> DIRECTIONS
Your copy should hold only the lines from the one with "中田直次郎 廣口形霰紋老鐵壺 [ 編號:77519 ]" to the one with "Pre Order Wood", both included, each exactly as it stands below, with no pictures.

> RECORDS SUPPLIED
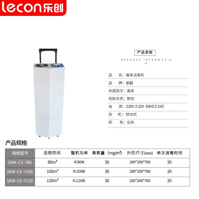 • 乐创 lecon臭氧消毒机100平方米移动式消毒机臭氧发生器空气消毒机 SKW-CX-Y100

...

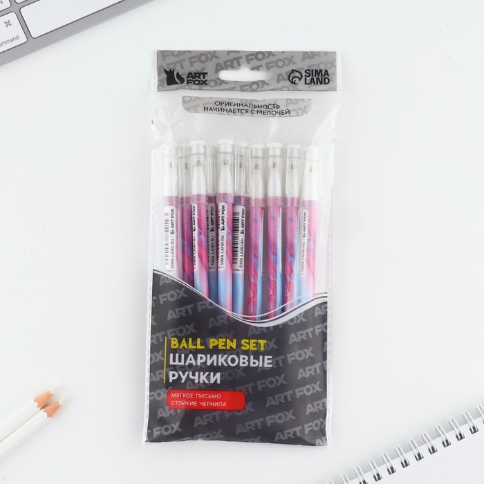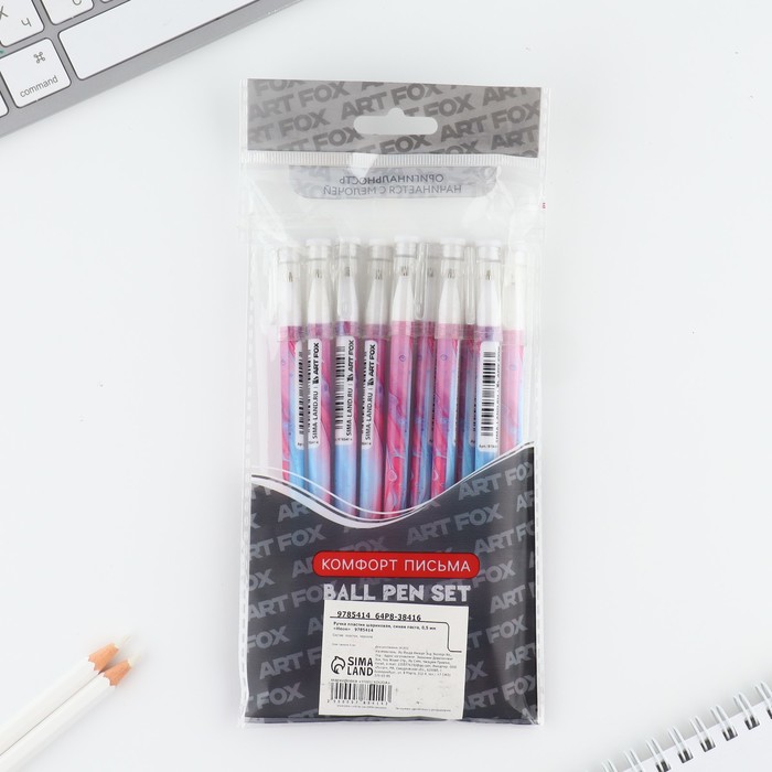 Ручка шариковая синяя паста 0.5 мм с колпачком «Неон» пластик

...

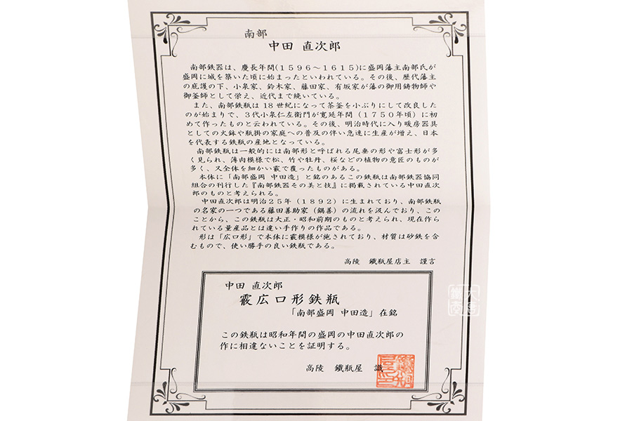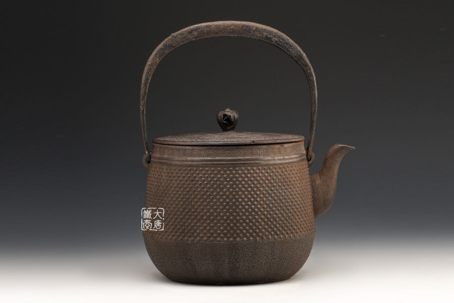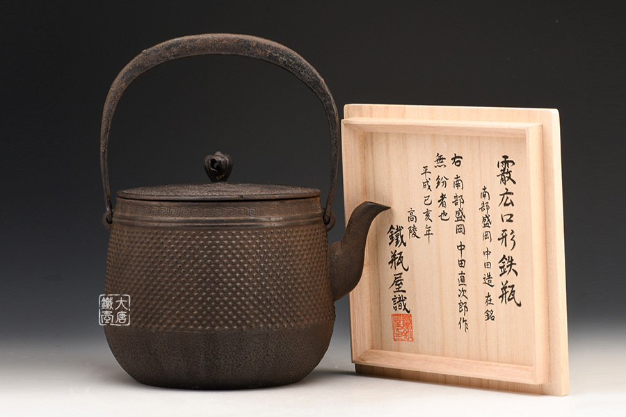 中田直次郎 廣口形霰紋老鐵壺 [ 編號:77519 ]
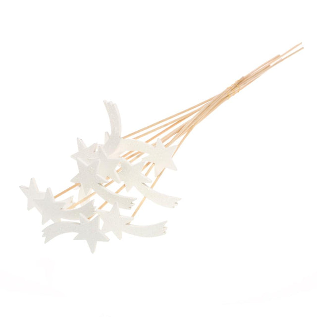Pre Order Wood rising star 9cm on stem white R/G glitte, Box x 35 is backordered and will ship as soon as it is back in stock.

> ANSWER BELOW
 中田直次郎 廣口形霰紋老鐵壺 [ 編號:77519 ]
Pre Order Wood rising star 9cm on stem white R/G glitte, Box x 35 is backordered and will ship as soon as it is back in stock.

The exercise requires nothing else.